SHENG Jiangming, XUE Juan, LI Peng, YI Na   

  1. Clinical nursing teaching and Research Office, The Second Xiangya Hospital of Central South University, Changsha 410011, China; Department of ultrasound diagnosis, The Second Xiangya Hospital of Central South University, Changsha 410011, China; Operation center, The Third Xiangya Hospital of Central South University, Changsha 410013, China; School of Informatics, Hunan University of Chinese Medicine, Changsha 410208, China
  • Online:2022-07-20 Published:2022-07-15

摘要: 目的 探讨利用时空图卷积神经网络在动态蛋白质网络中挖掘复合物的新方法。方法 文中首先定义了边强度、节点强度和边存在概率等指标对动态蛋白质网络进行建模,然后结合图上的时间序列信息和结构信息,基于希尔伯特-黄变换、注意力机制和残差连接等技术设计了2种卷积算子来对网络中蛋白质的特征进行表示学习,构建得到动态蛋白质网络特征图。最后采用谱聚类来识别复合物。结果 在多个公开生物数据集上的仿真实验结果表明,所提算法在DIP数据集和MIPS数据集上的F值都达到了90%以上,相比于DPCMNE、GE-CFI、VGAE和NOCD等4种识别算法而言,识别效率分别平均提高了约34.5%、28.7%、25.4%和17.6%。结论 运用深度学习技术来处理动态蛋白质网络的性能表现良好,具有普适意义。
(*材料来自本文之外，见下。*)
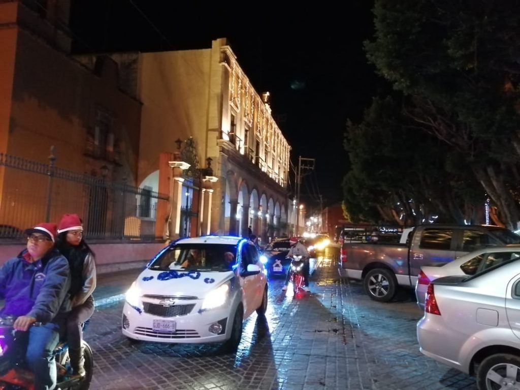 En punto de las 20:00 horas dio por iniciado el recorrido en la explanada del Carmen de donde partieron por la calle Hidalgo, posteriormente dieron vuelta por Heroico Colegio Militar para bajar por Guerrero, pasando por Juárez y finalizar nuevamente en el Carmen regalando pelotas y dulces a los niños que circulaban por las calles así como en el Carmen donde finalizaron la caravana y se mantuvieron por un tiempo para continuar regalando más pelotas y dulces a quienes se acercaban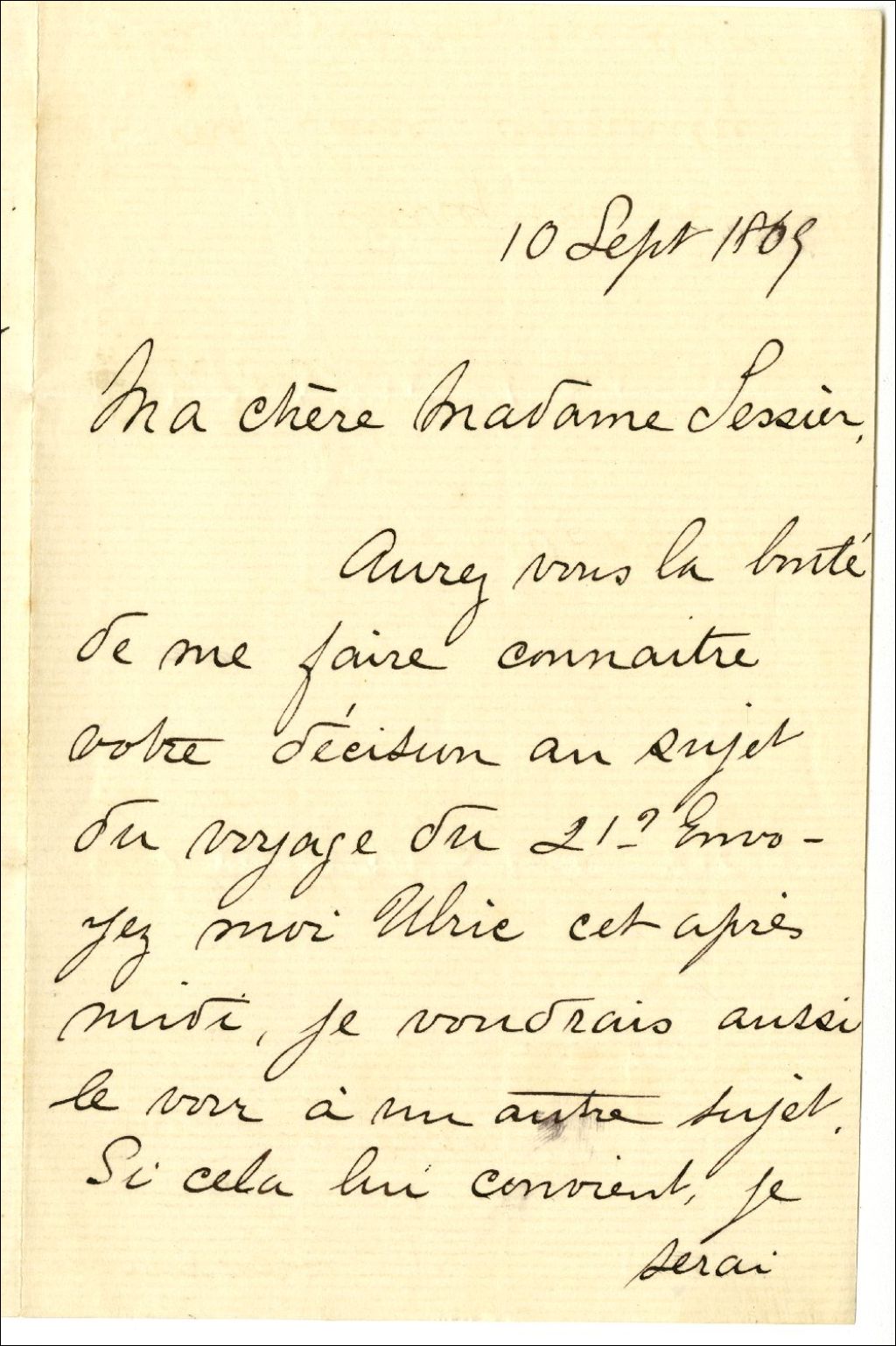 Lettre d'Alexandre Chauveau à Marguerite-Adèle Kelly-Tessier, 10 septembre 1869, Archives nationales à Rimouski, Fonds Famille Tessier, (01R,P1,S2,P24).

关键词: 动态蛋白质网络;蛋白质复合物;图卷积神经网络;卷积算子;谱聚类

Abstract: Objective To propose a new method for mining complexes in dynamic protein network using spatiotemporal convolution neural network. Methods The edge strength, node strength and edge existence probability are defined for modeling of the dynamic protein network. Based on the time series information and structure information on the graph, two convolution operators were designed using Hilbert-Huang transform, attention mechanism and residual connection technology to represent and learn the characteristics of the proteins in the network, and the dynamic protein network characteristic map was constructed. Finally, spectral clustering was used to identify the protein complexes. Results The simulation results on several public biological datasets showed that the F value of the proposed algorithm exceeded 90% on DIP dataset and MIPS dataset. Compared with 4 other recognition algorithms (DPCMNE, GE-CFI, VGAE and NOCD), the proposed algorithm improved the recognition efficiency by 34.5% , 28.7% , 25.4% and 17.6% , respectively. Conclusion The application of deep learning technology can improve the efficiency in analysis of dynamic protein networks.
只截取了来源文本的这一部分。